*** Opening Excerpted records ***

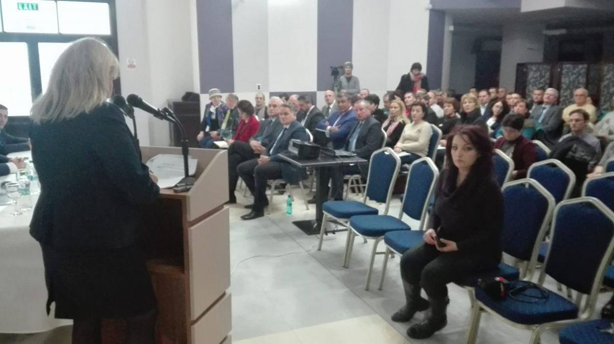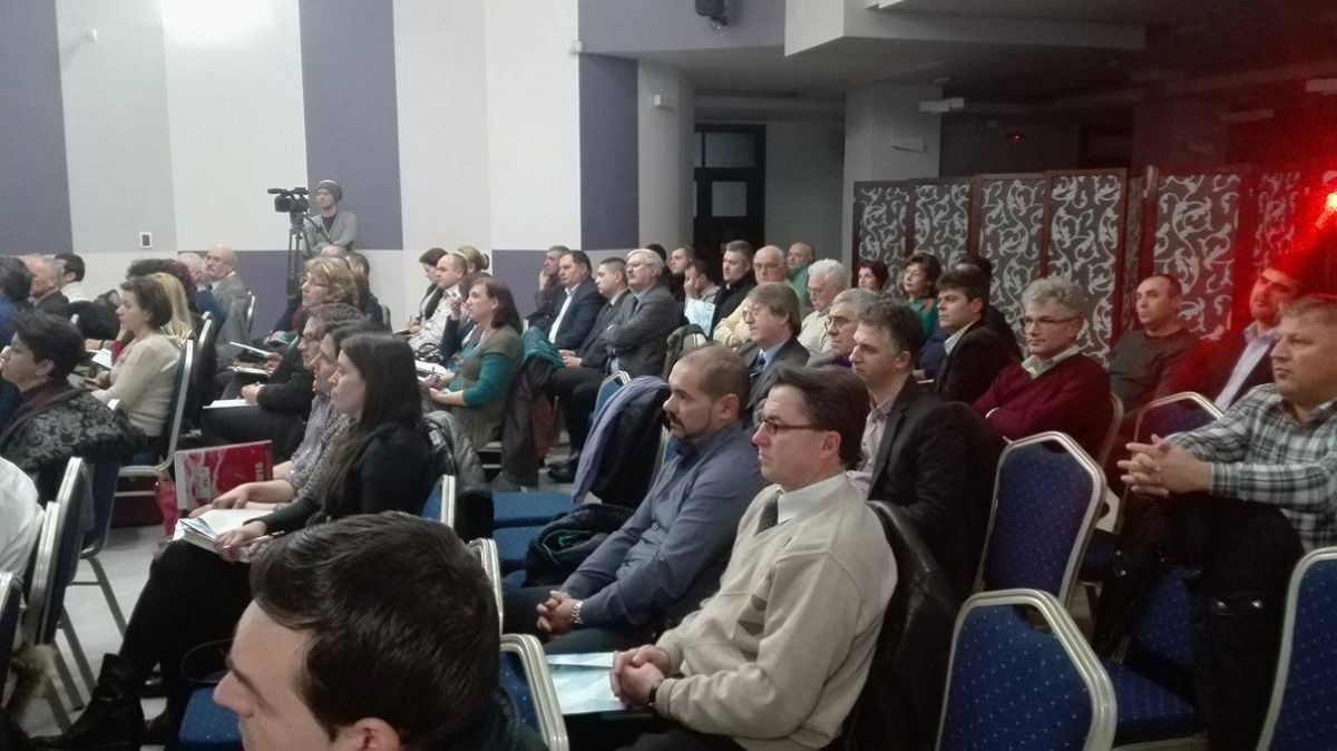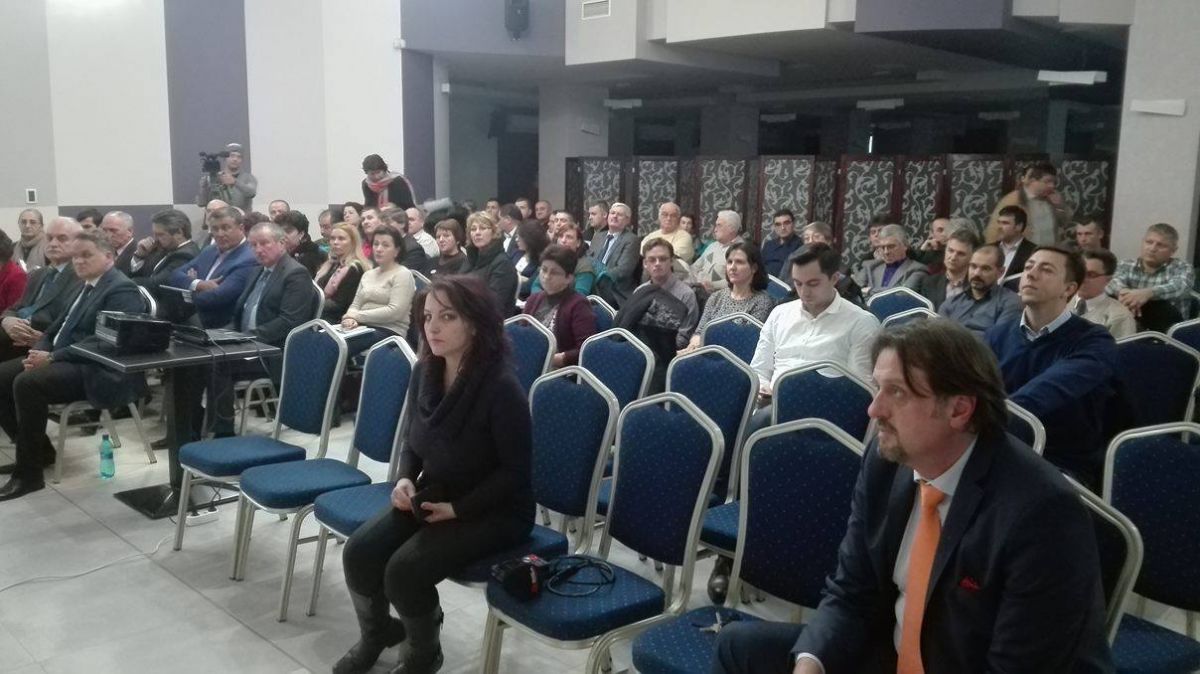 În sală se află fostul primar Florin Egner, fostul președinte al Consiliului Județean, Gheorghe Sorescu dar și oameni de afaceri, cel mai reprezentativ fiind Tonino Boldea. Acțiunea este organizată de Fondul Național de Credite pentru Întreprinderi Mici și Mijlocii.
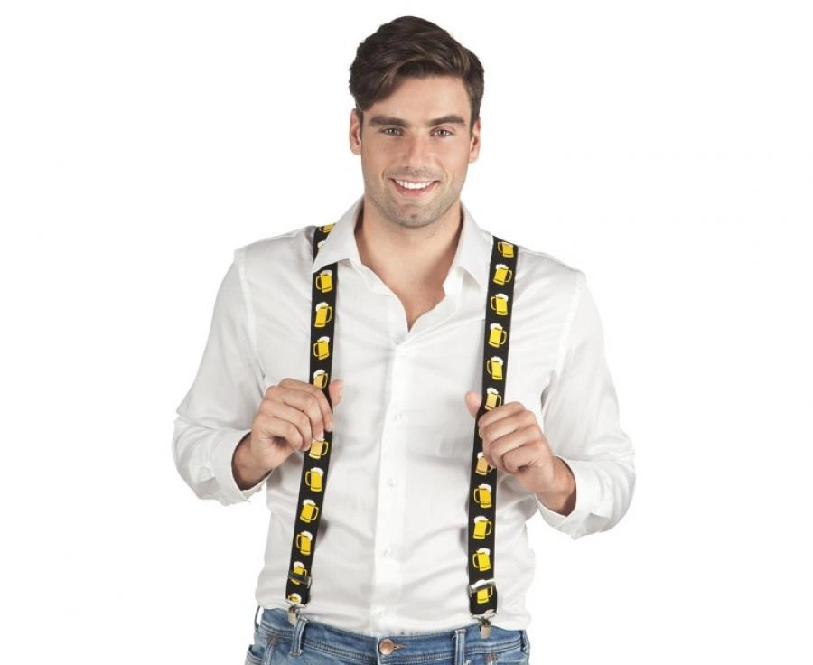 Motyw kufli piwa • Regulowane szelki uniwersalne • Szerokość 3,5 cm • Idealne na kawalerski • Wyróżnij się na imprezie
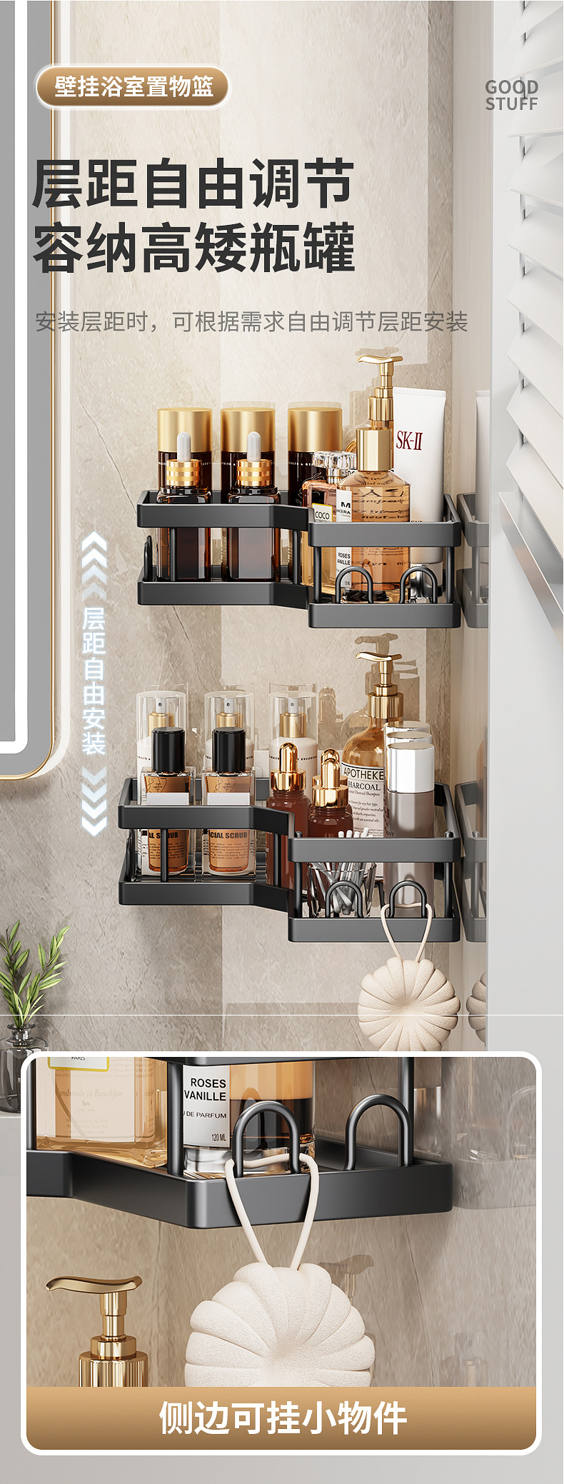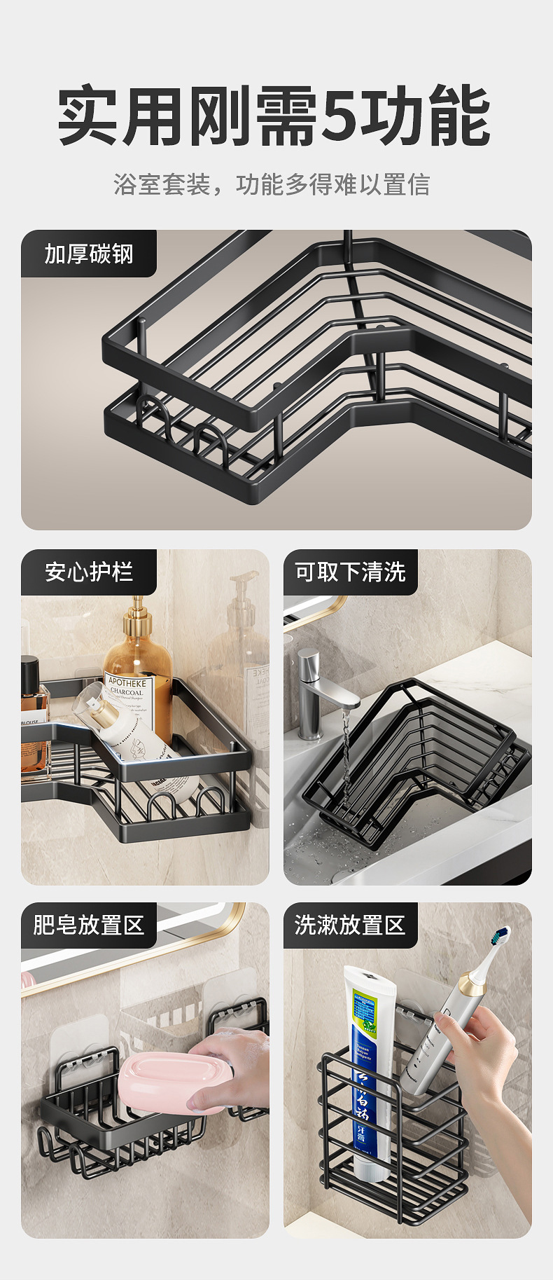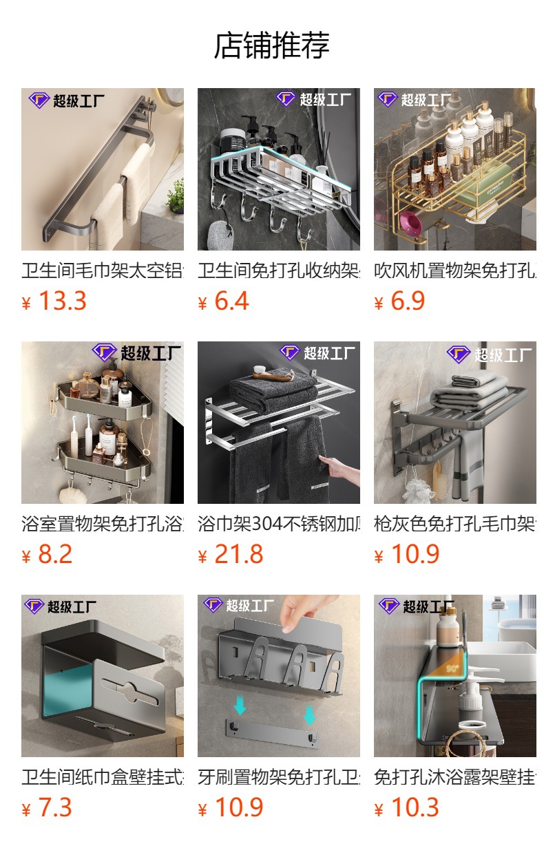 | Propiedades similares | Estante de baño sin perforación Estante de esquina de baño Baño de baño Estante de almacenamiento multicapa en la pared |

*** Closing Excerpted records ***
*** Opening Excerpted records ***

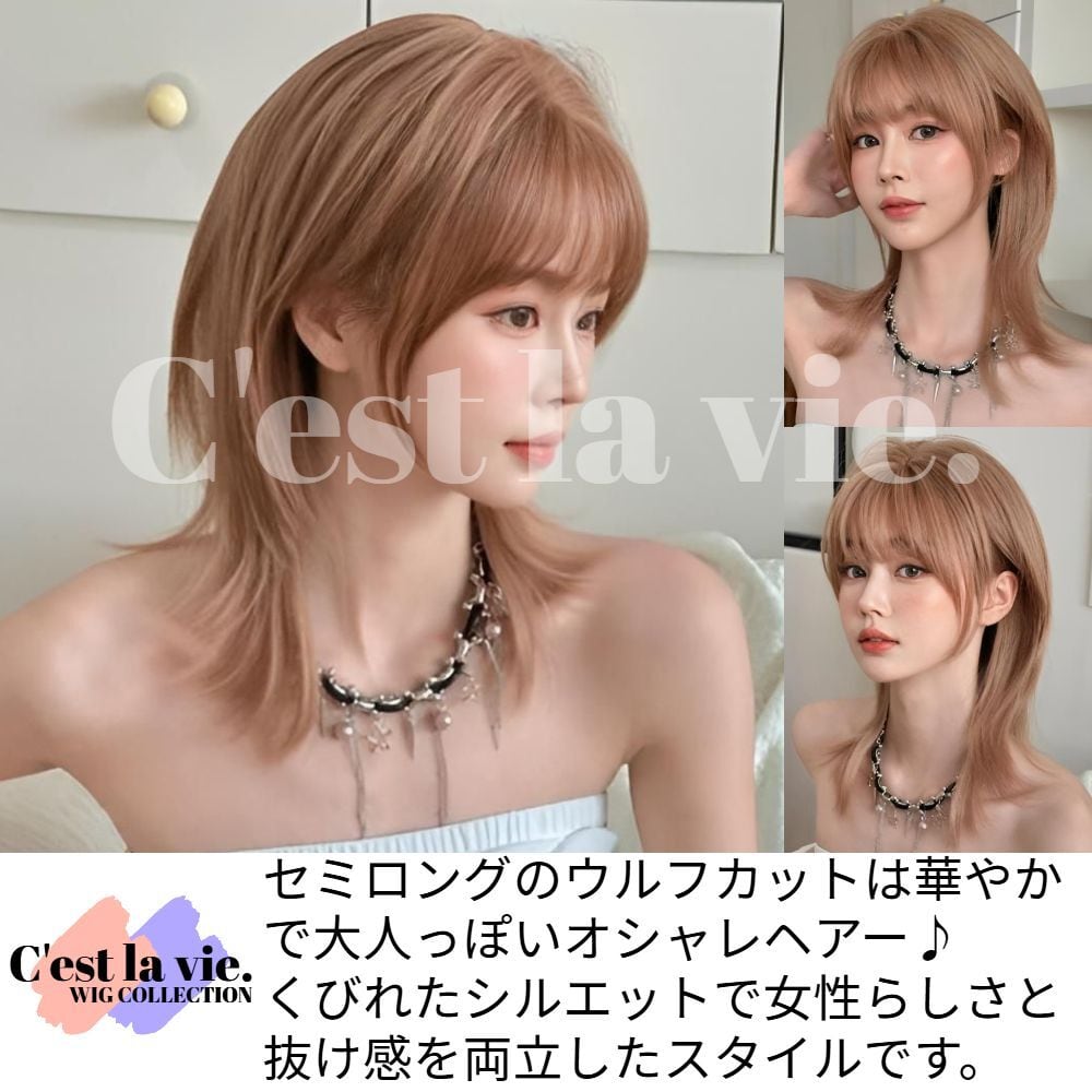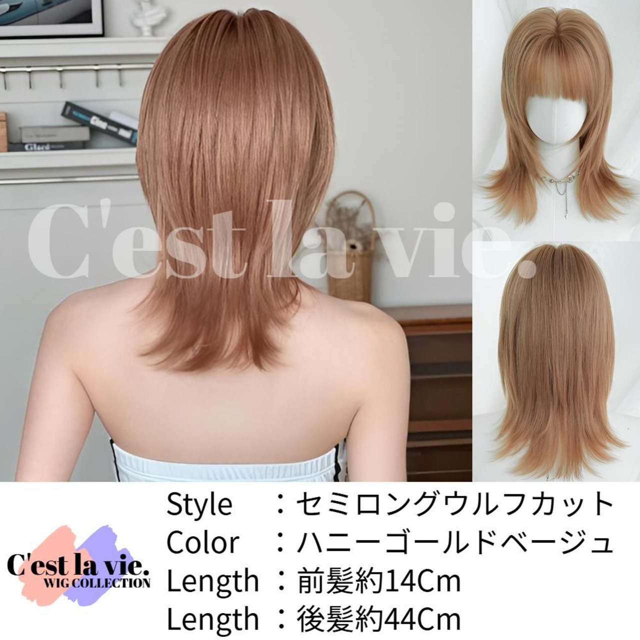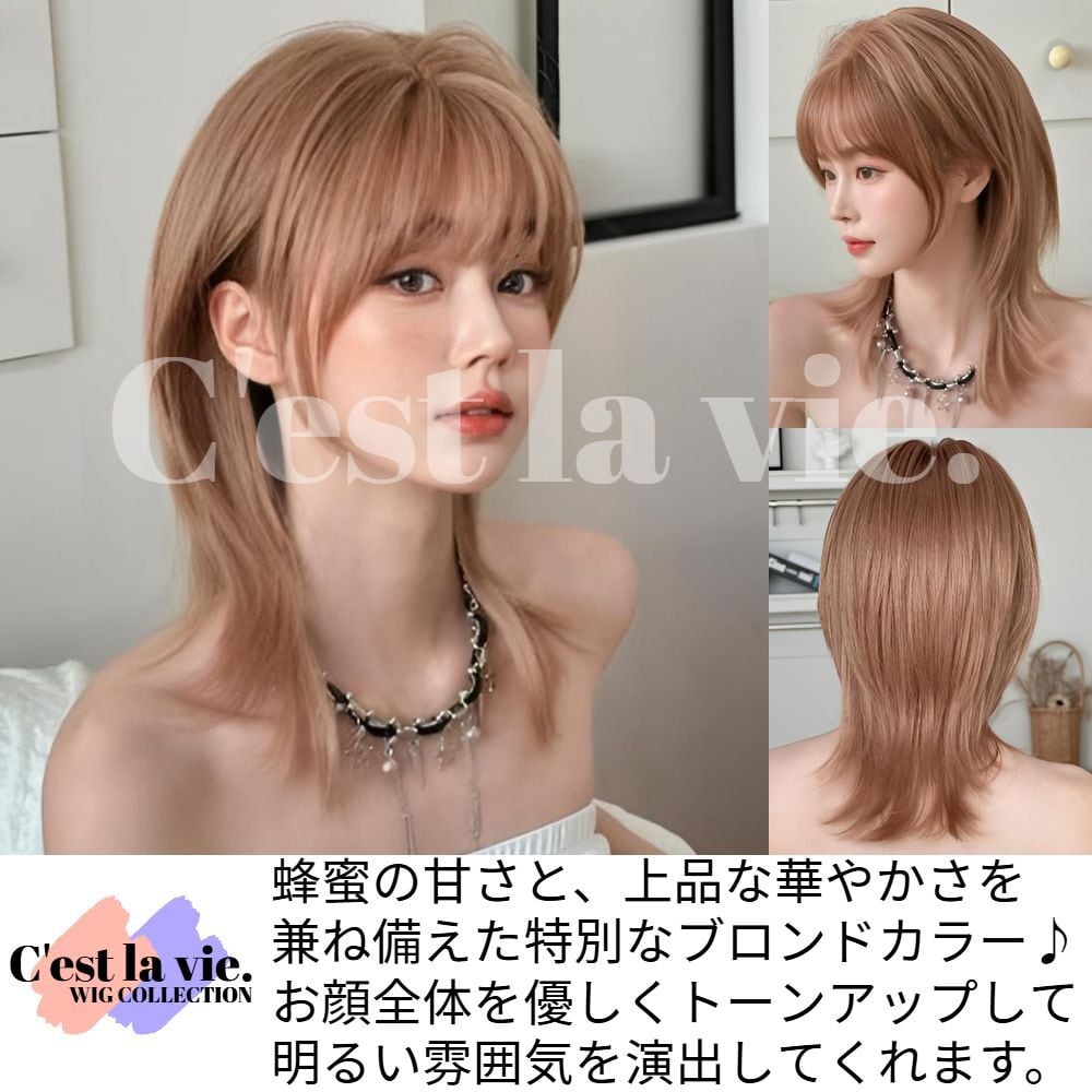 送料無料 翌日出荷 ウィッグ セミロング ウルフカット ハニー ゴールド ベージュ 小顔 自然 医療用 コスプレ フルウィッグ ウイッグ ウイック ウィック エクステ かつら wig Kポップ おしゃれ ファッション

*** Closing Excerpted records ***

_What needs to be done_: Copy out the listing above from the line containing "Motyw kufli piwa" to the line containing "en la pared |", both included, exactly as written and minus the images.

_Solved problem_:
 Motyw kufli piwa • Regulowane szelki uniwersalne • Szerokość 3,5 cm • Idealne na kawalerski • Wyróżnij się na imprezie
 | Propiedades similares | Estante de baño sin perforación Estante de esquina de baño Baño de baño Estante de almacenamiento multicapa en la pared |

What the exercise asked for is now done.